Part of the problem is that Pegg—an inspired comic actor when he has someone equally skilled (usually Nick Frost) to bounce his manic energy off of—spends a large chunk of this movie on his own, cowering in the shadows and providing a running commentary of his thoughts via voiceover narration. Early scenes suggest a story about a man too timid to function at all, jumping at the slightest noise and suspicious of everyone he encounters; Jack has a wild shock of hair that makes him look perpetually alarmed anyway, and his constant nervousness threatens to get old in a hurry. So first-time writer-director Crispian Mills engineers an important, hastily arranged meeting with a potential publisher, to which Jack has nothing suitable to wear.
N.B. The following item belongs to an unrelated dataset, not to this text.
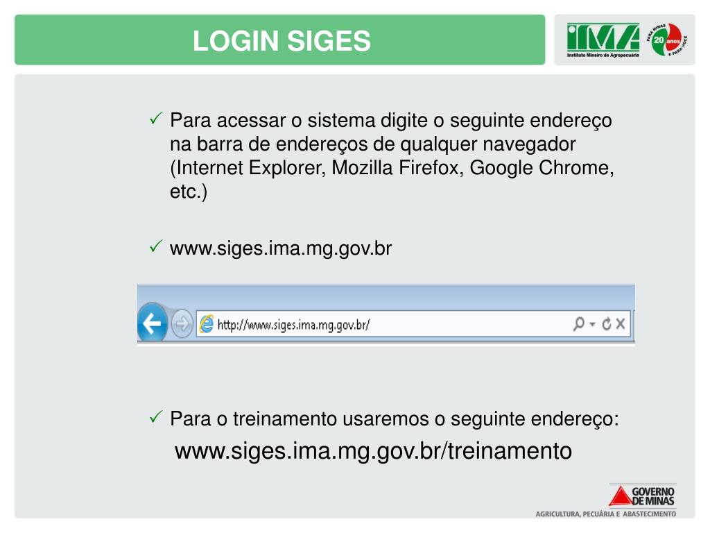 LOGIN SIGES • Para acessar o sistema digite o seguinte endereço na barra de endereços de qualquer navegador (Internet Explorer, Mozilla Firefox, Google Chrome, etc.) • www.siges.ima.mg.gov.br • Para o treinamento usaremos o seguinte endereço: www.siges.ima.mg.gov.br/treinamento

This requires an emergency trip to the nearby launderette, where Jack inadvertently terrifies the other patrons, falls for a beautiful young woman (Amara Karan), and discovers that laundry and serial killers aren’t necessarily as far removed from each other as one might reasonably assume.
Mills has no track record of any kind, even in television, and the evidence here suggests that he’s a much stronger director than writer. The movie’s most inspired joke is predicated entirely on careful blocking and camera placement over a period of several minutes, whereas what might have been its funniest sustained gag—Jack accidentally gluing a huge knife to one of his hands, making him appear to be a deranged killer rather than the potential victim he fancies himself—gets ruined by Mills’ failure to have the guy even attempt to state the obvious (“it’s glued to my hand”), even when police officers have stun guns aimed at his chest. Pegg does his best with the material, but A Fantastic Fear Of Everything is more amusing than uproarious, and often not even that; it plays like a couple of over-extended sketches featuring the same thinly drawn character. Odd phobias alone only take you so far, even if you try to hype them.